Dear Dr. Debbie,
We have two children, ages 4 and 6, and find ourselves getting frustrated getting them to do anything. These are not outrageous requests – get your shoes on, pick up the toys, brush your teeth . . .
How can we get through the day without having to raise our voices and threaten negative consequences?
Not Having Fun
Dear NHF,
The dynamic you are describing is that children are not complying with parents’ requests. Another way to approach this situation is to reframe the dynamic as getting everyone on the team to cooperate toward team goals. That’s right, parents and children are on the same team. You have different roles, however the end goal is of benefit to all.
Roles
As the parents, your role is to establish standards of behavior – as consistently as possible – that lead to healthy habits and harmonious living for your family today and for your children to carry into their futures.
You bring to this role your life experiences, which include successes and regrets, and your heartfelt high aspirations for your children’s well-being. Parents get to decide what’s important for the children to do day to day because they are ultimately responsible for what occurs over a childhood. The children’s adult teeth will thank you for establishing good oral health habits when they’re young.
Routine
The tasks you mention – getting shoes on, cleaning up toys, brushing teeth – could easily fall into daily routines. Weekday routines may differ slightly from weekend routines, with more rush in the mornings and more pressure to get the children to sleep on time, however, it’s best to keep children on a regular schedule for sleeping, eating, and exercise as much as possible all seven days.
Obviously, dressing is easier when children eagerly participate.
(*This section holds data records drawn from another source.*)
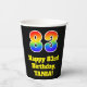 This colourful and exciting birthday-themed paper cup design features a large number “83” having a rainbow spectrum gradient inspired pattern. It also features the message “Happy 83rd Birthday,”, and a custom name. The background is coloured black. Colourful, vibrant paper cups like this might be fun to have at a birthday party/celebration being held in celebration of somebody’s 83rd birthday. [~Z0000537]
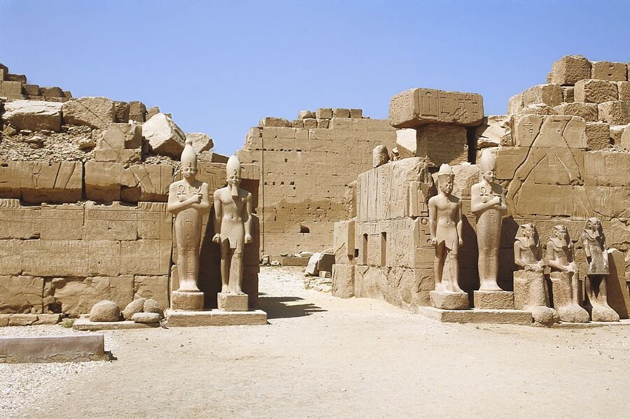 Когда Шампольон прошел через огромные ворота (почти 44 метра высотой и 113 метров шириной), чьи гигантские каменные блоки 15-метровой толщины защищали святилище, он очутился в огромнейшем дворе одного из величайших храмов Древнего Египта. Самый большой храм Карнака был посвящен Амону, богу ветров и воздуха. Его изображали в короне из двух высоких перьев, а священным животным бога Амона был овен. Поначалу Амон был зависимым местным божеством, но фараоны Нового царства превратили его в общенационального бога. С XVI века Амон стал идентифицироваться с богом Солнца – Ра. В начале периода Нового царства небольшой храм Амона был увеличен фараоном Тутмосом I, а его преемники расширили храм еще больше.
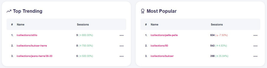 Top Trending shows you the top three pages and the number of sessions for them, accompanied by the percentage ratio compared to the previous period.
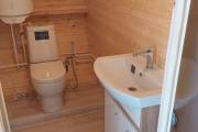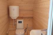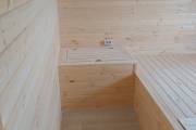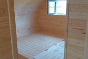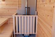 Есть небольшая спальня с подиумом под кровать. В санузле расположены унитаз, раковина и душевое оборудование. Есть душ и, конечно же, парная.
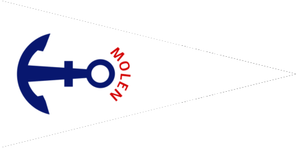 The club is based in København. The pennant is white. At hoist is a blue anchor in fess, annexed by an embowed red inscription "MOLEN" ordered vertically.
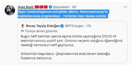 Cumhurbaşkanı Recep Tayyip Erdoğan, “Bugün hafif belirtiler üzerine eşimle birlikte yaptırdığımız COVID-19 testimizin sonucu pozitif çıktı. Omicron varyantı olduğunu öğrendiğimiz hastalığı hamdolsun hafif geçiriyoruz. Görevimizin başındayız. Çalışmalarımıza evde devam edeceğiz. Dualarınızı bekliyoruz” açıklamasının ardından sosyal medyada gündem oldu.
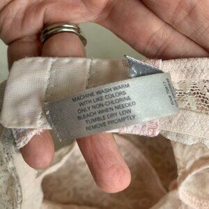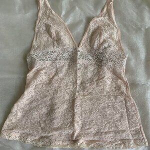 This is a great quality, vintage lace lingerie top with hook closure in back. Extremely flattering and sexy. Colour is a very light baby pink. Made of 100% cotton with Spaghetti straps. Sexy cutout in the back.
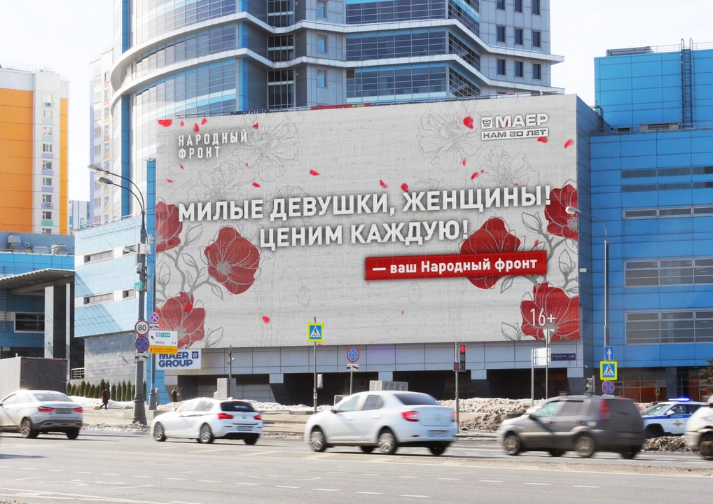 Еще одна праздничная акция запущена совместно с Народным фронтом. Трогательный сюжет — цветы и поздравления от участников Команды Путина: известных артистов, спортсменов, общественных деятелей...
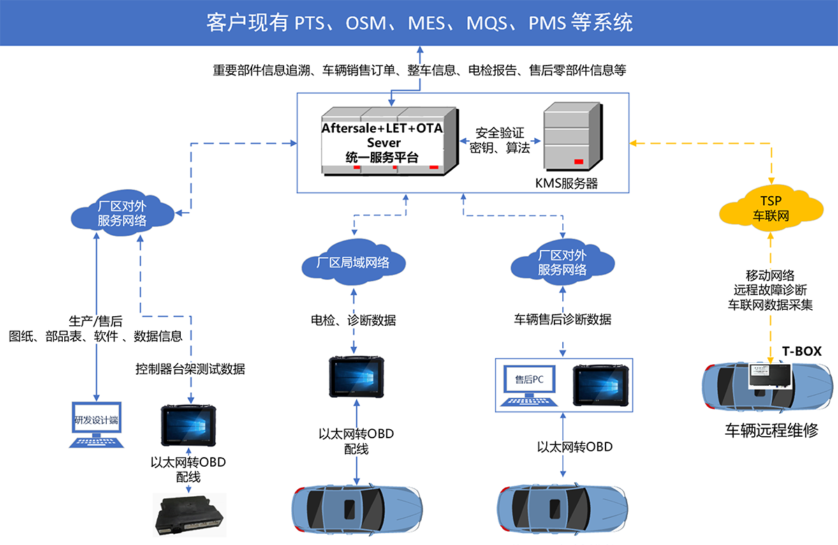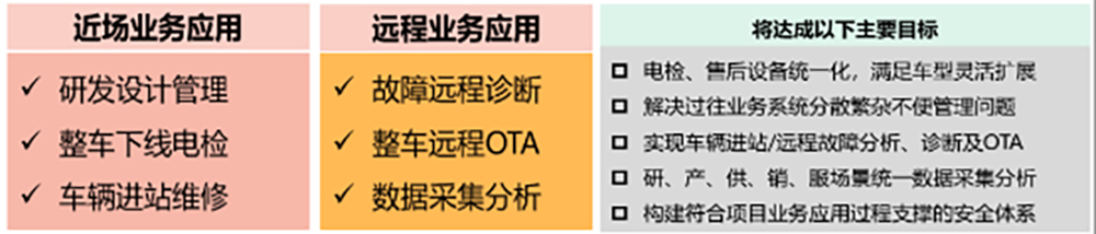 该平台将为客户实现整车下线电检业务与售后诊断服务提供统一平台支撑,覆盖包括车型研发设计验证、整车下线电检、售后进站诊断、故障远程诊断、整车远程 OTA以及整车数采分析等业务应用场景。满足用户灵活配置新车型及整车电器架构的管理配置。为客户提供准确、快捷及稳定的生产电检服务和车辆售后诊断服务保障。
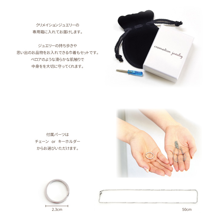 ペンダントかキーホルダーか選べますので、より身近に感じられる方をお選びいただけます。
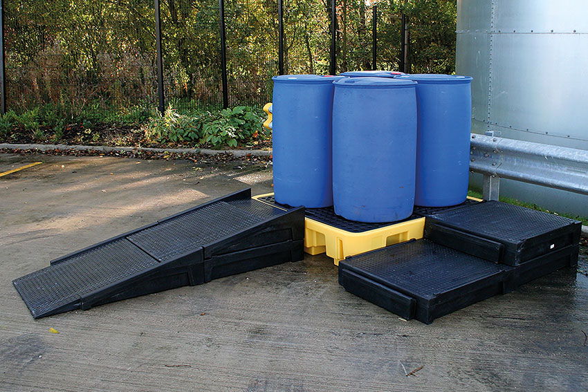 • Modulares System für einfachen Zugang zu Auffangpaletten auf verschiedenen Höhen

Help them to store their shoes in the same place each time they are taken off. Likewise, dresser drawers and bedroom shelves should systematically store socks, underwear, shirts and pants such that a child can find and put on his own clothes, with some room for personal choice. For a younger child, you could set out a choice of two shirts, or use decision-making for tomorrow’s outfit as part of the bedtime routine the night before. If your struggle with the children getting their shoes on is a factor of a rushed weekday morning, try to do more of the getting-out-of-the-house tasks in the evenings, too.
Toy pickup should routinely follow playtime. Depending on the usual schedule, this could be before dinnertime or before bedtime. If there’s playtime in the mornings before school, you might limit what can be played with so it can be quickly put away, or left out for the children to return to when they get home. If no one else will be using the room for other purposes, it’s perfectly fine to have toys accessible even when the children aren’t using them. Set the standards for your family that make sense for you.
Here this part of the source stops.